### WHAT YOU WILL DO
Read the records below. Copy each line where the string "with" occurs.

### Records drawn from a dataset

---*---

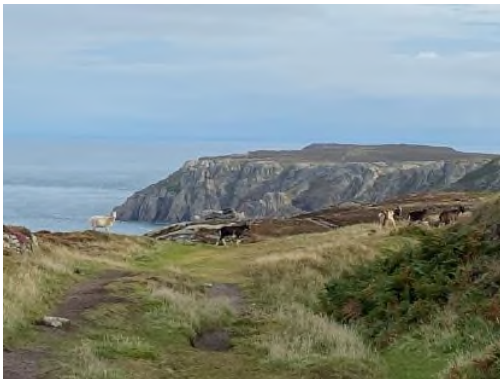
Goats on the way to Beaufort Buttress
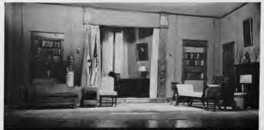
1939— Margin for Error —March, 1941
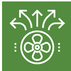
Repairing drafty duct systems
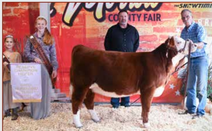
KT Olivia 206J — Dam of Lot 33

A very attractive bull with a big future, backed by many champions in his pedigree dont miss this one!
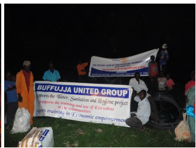
The trucks with the pipes arrival at Buffujja community after a 250Km run from the factory, where though at night received by the enthusiastic crowd who spent the rest of the night guarding the pipes with a lot of excitement!
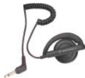
Over Ear Piece for RSM- WADN4190
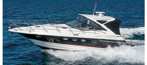
2008 Regal 4460 $340,000
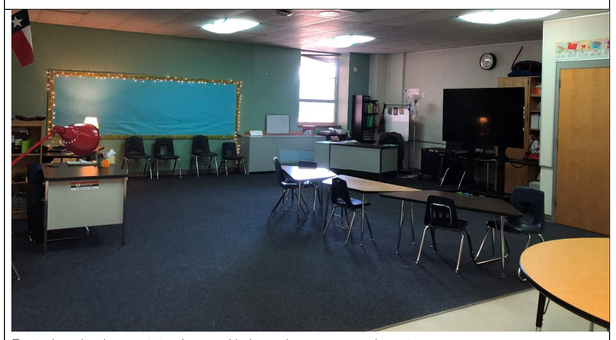
Typical studios have minimal natural light and access to outdoor views.
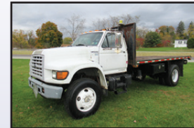
'99 FORD F-800

1999 FORD Model F-800 Single Axle Flatbed Truck , powered by Cummins ISB215, 5.9L, 215HP diesel engine and 6 speed transmission, equipped with 16" flatbed with stake pockets, (2) under body toolboxes, 21,000 lb rear axle, 12,000 lb front axle, 33,000 lb GVWR, spring suspension, air brakes, and 11R22.5 tires. In good condition with good tires.

---*---

### SOLUTION
A very attractive bull with a big future, backed by many champions in his pedigree dont miss this one!
The trucks with the pipes arrival at Buffujja community after a 250Km run from the factory, where though at night received by the enthusiastic crowd who spent the rest of the night guarding the pipes with a lot of excitement!
1999 FORD Model F-800 Single Axle Flatbed Truck , powered by Cummins ISB215, 5.9L, 215HP diesel engine and 6 speed transmission, equipped with 16" flatbed with stake pockets, (2) under body toolboxes, 21,000 lb rear axle, 12,000 lb front axle, 33,000 lb GVWR, spring suspension, air brakes, and 11R22.5 tires. In good condition with good tires.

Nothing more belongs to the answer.